Test  0  fired by rule  1
Test  1  fired by rule  2
Test  1  fired by rule  3


## Regression-Based Models

Let $\bar{y}$ be the $n$-dimensional column vector containing the ratings of the actove user for the $n$ documents in the training set. The basic idea in linear regression is to assume that the ratings can be modeled as a linear function of the word frequencies.
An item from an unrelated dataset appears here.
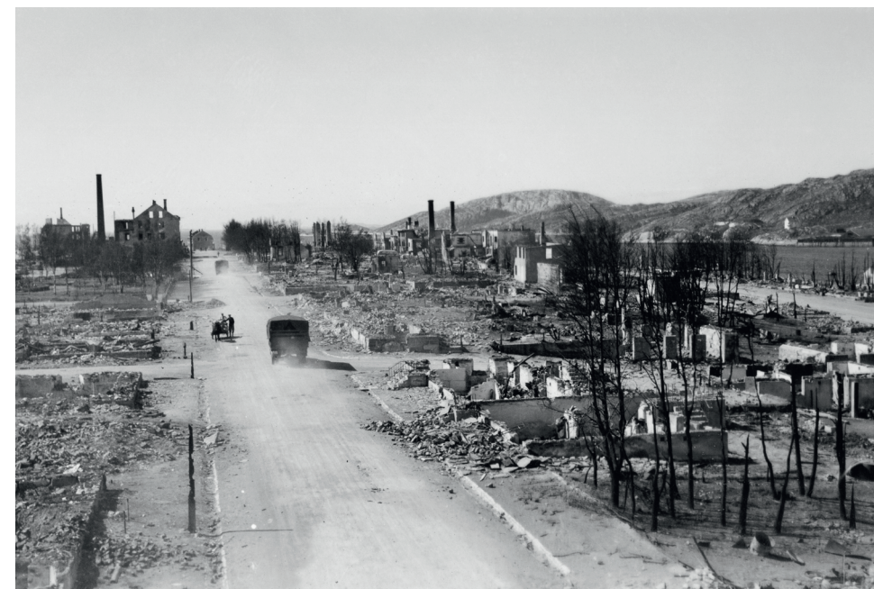
Storparten av Bodø vart verande eit ørkenlandskap etter bombenes fall. Berre nokre enkle piper stod att etter brannen, som meieriet sine i bakgrunnen til venstre. Gatemønstreret og infrastrukturen under bakken vart likevel vidareført som før. Slik vart det kontinuitet i byplanlegginga og kommunen sparte pengar.

Det er derfor naturleg å stille to spørsmål ved arbeidet til BSR i Bodø. For det

Let $\bar{W}$ be a $d$-dimensional row vector representing the coefficients of each word in the linear function relating word frequencies to the rating:
$$ \bar{y} = D_L\bar{W}^T $$
The objective function $O$ can be expressed as follows:
$$  Minimize\ O = \|D_L\bar{W}^T - \bar{y}\|^2 + \lambda\|\bar{W}\|^2 $$



# Advantages and Disadvantages

## Advantage
1. Content-based systems have cold-start problems only for new users
2. Content-based systems provide explanations in terms of the features of items.
3. Content-based methods can generally be used with off-the-shelf text classifiers

## Disadvantage
1. Content-based systems tend to find items that are similar to those the user has seen so far (overspecialization). It is always desirable to have a certain amount of novelty and serendipity in the recommendations.
2. Content-based systems do not help in resolving the problem for new users.